The Thiel fellowship debate certainly isn't new to this forum, but z very relevant aspect of that debate is how different the incentives look internationally.
My understanding is that in the US $100k over two years is equivalent to a comfortable middle class salary (outside SF, NY and perhaps one or two other places). It appears that in India it would be more like a exceptionally high salary placing someone in a top income bracket (except perhaps in Mumbai and one or two other places), an amount that would take several years to accumulate after getting a job at a prestigious multinational. The sort of sum someone with more modest expectations could even contemplate being a respectable retirement amount.
Keeping the amount equivalent internationally is perhaps only fair, especially since Thiel Fellows might look to relocate internationally to achieve their aspirations anyway, but it also means a sum proposed as a short term subsidy in the US represents actual wealth in some parts of the world.
A valid problem this.. I have been in Agra and was pissed off at how simple stuff didn't work.. there seemed to be seemingly simple solutions but the hotel owners/managers either didn't know or it seemed too hard...
Similar issues in the trip earlier in the year on a trip via Trivandrum in the southern State..

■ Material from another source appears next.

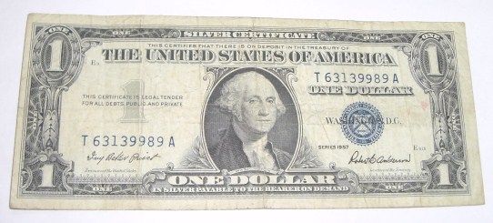 1957 SERIES $1 SILVER CERTIFICATE SERIAL # T63139989A *PLEASE LOOK AT PICTURE TO DETERMINE GRADE - NICE BILL*!! ***Coin, Currency & All Items Listed in this auction - Grades, Conditions and Values are not Safe Deposit Coins LLC Responsibilty. Grades, Condition and Values are determined by Consigner(s) & Buyers ONLY

Depends what your standards are. I stayed in a place in Agra with no windows and unusual plumbing, but on the other hand it was $3 per night. Was particularly amusing when people staying in 5 star accommodation nearby came to check out the view from the rooftop restaurant.
Judging from the link, what OYO is doing well is identifying hotels which are in a mid-range price bracket by local standards which can justify that charge on account of service comparable to a Western budget hotel rather than on account of "deluxe" features that push the price up despite elements of the service, power supply or plumbing.
Not necessarily. Average wage in India is Rs 3000/mo (~$44) and you can get a perfectly decent single room at a guesthouse for under Rs 500 ($7) -- although at this price range the quality of the room will be a total crapshoot, which is precisely why this is such a great idea.
On the other hand, if you want a 100% guaranteed Western branded hotel experience, you'll pay through the nose for it. Back when I was working in Delhi, 4-star-ish hotels charged $400/night and up and the Trident Hilton in Gurgaon was $700.
I was confused at first but I believe he meant to say that the Oyo cut is approximately $3.5m per month and the article states that they get a fee from all bookings similar to a franchise fee, etc.
Out of 1500, I would say 1400 employees need to be paid around INR 10000 approx. This should equal about $200 per month per person. The rest would be better paid professionals like software programmmers, etc
A couple grand a month is more than sufficient pay in many parts of India. Heck, it's enough for new police officers in New York City (ok, I'm ignoring payroll tax and insurance for this one).
The average pay for hotel staff and call center operators is around Rs. 25,000 here, with junior pay starting at Rs. 15,000. That works out to less than $400 either way.
It's actually funny - BBC probably tried to convey a message that "age doesn't matter", but in tech circles this gets translated to "only a young person could achieve this".